The board under test accepts 24V, which gets stepped down to 5V through a V7805. The chip runs on its internal oscillator, with a 16x PLL, giving an operation speed of ~29.5 MIPS. The relevant code on this board is essentially very simple: wake up, read data from EEPROM, then enter an infinite loop. Interrupt every millisecond, observe some environmental data, and write an updated value to EEPROM. There's other stuff going on, but the problem still occurs even if the unrelated code is commented out, so I can be reasonably certain it's not relevant to the problem at hand.
In general use, 95% of the time the board wakes up with the correct value in memory, and goes on about its business. The other 5% of the time, though, it wakes up with an incorrect value. Specifically, it wakes up with a bit-flipped version of the data it's supposed to have.

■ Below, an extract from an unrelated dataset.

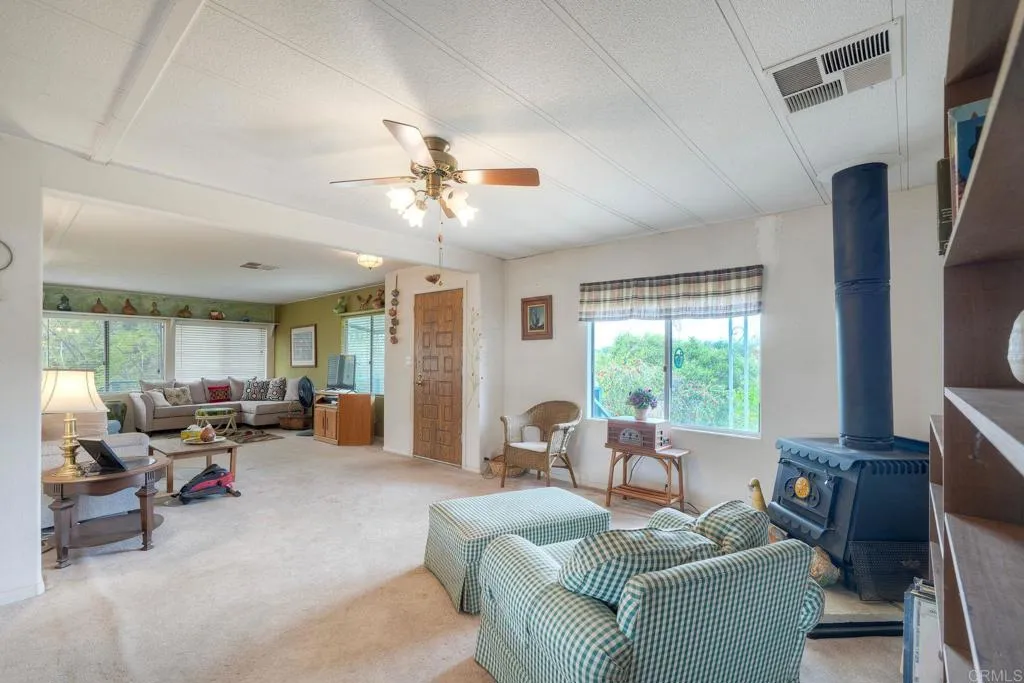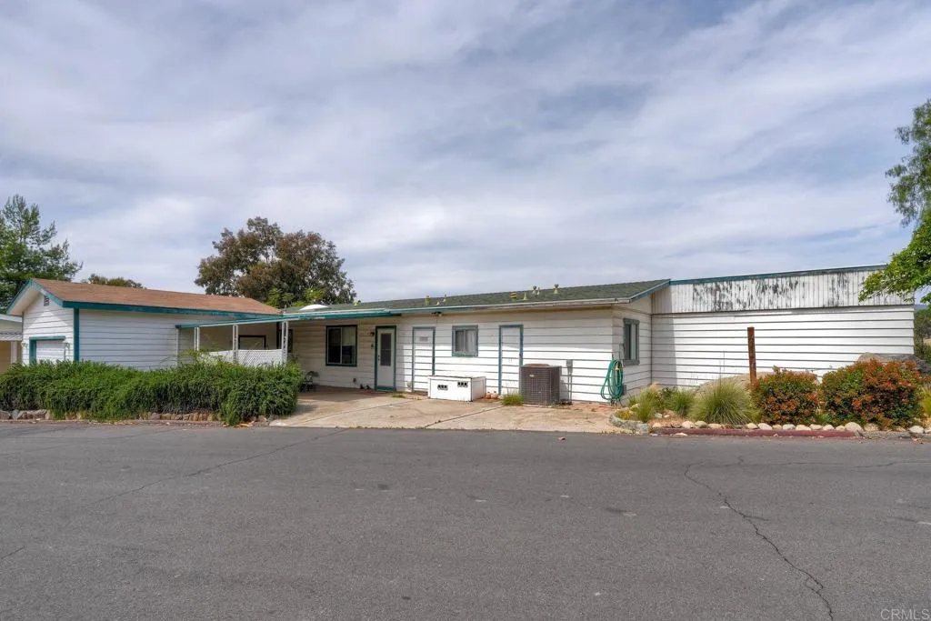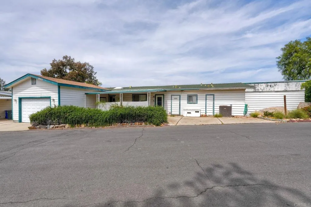 GREAT LOCATION DIRECTLY ACROSS FROM THE CLUBHOUSE!! 1974 2 Bed, 2 bath, at 1440 esf. with a large garage. Priced for only $159,000!!! This is a nice, manufactured home in a Senior Park 55/45 with a lovely wood burning stove in the living room. The primary bedroom has a large walk-in closet and a deck that has a wonderful view of the local mountains. Located in lovely Skyline Ranch Country Club, a premier Senior Park that sits in the foothills of Valley Center. Currently offering FREE golf to all residents, full clubhouse use, gym, gated community, dog park, and much more. This home has a large back yard with mature fruit trees. Skyline Ranch is a land leased park; the monthly space rent here is 1750.00. Please come and see this wonderful home located in a great Senior Park with many amenities.

It's a four-byte unsigned long that I'm watching, and either the upper or lower word of the long can get flipped. For example, 10 becomes 2^16-10, which later becomes 2^32-10. I can reproduce the glitch by manually cycling power several dozen times, but that's not very consistent, and my switch finger gets worn out.
In order to reproduce the problem in a controlled fashion, I built a second board which drives the 24V supply to the board under test. (Another dsPIC driving a darlington optocoupler.) The tester board turns the 24V off for 1.5 seconds (long enough for the 5V rail to drop to essentially 0 and stay there for one second), then turns the 24V on for some configurable length of time. With an on-time of approximately 520 mS, I can reproduce this EEPROM glitch within five power cycles, every time.
The 5V rail is behaving reasonably. It settles at 5V within 1 mS of turn-on, with perhaps .4V of overshoot, assuming I can trust my scope. At turn-off it decays to 0V exponentially, reaching 1V within 50 mS. I have no build warnings that seem relevant, just unused variables and missing newlines at the end of files.
I've tried several things:
Enabling/disabling the MCLR
Enabling/disabling the WDT
Enabling/disabling code protection
Enabling/disabling/changing brownout detect voltage
Enabling/disabling/changing the power-on timer
Different PLL settings on the main internal oscillator
Connecting/disconnecting my PICkit 3 programmer
Adding 470 uF of capacitance to the 5V rail
Adding/removing .1 uF across the 4.7k pullup on my MCLR pin
Disabling all interrupts in the code and leaving nothing but EEPROM updates in the main loop
Adding a 1.5 second delay to my startup routine before I start reading EEPROM
I've also written separate test code which does nothing but continually write values to EEPROM and then read them back, making sure that the value has not changed. Tens of thousands of iterations gave no errors. All I can conclude is that something goes wrong with EEPROM read or write, specifically at powerup/powerdown.
I've been using the same EEPROM libraries since 2007. I've seen occasional glitches, but nothing reproducible. The relevant code can be found here:http://srange.net/code/eeprom.chttp://srange.net/code/readEEByte.shttp://srange.net/code/eraseEEWord.shttp://srange.net/code/writeEEWord.s
I've seen EEPROM errors before in other applications, but always as one-off glitches, nothing this reproducible or consistent.
Does anyone have any idea what's going on? I'm running out of things to try.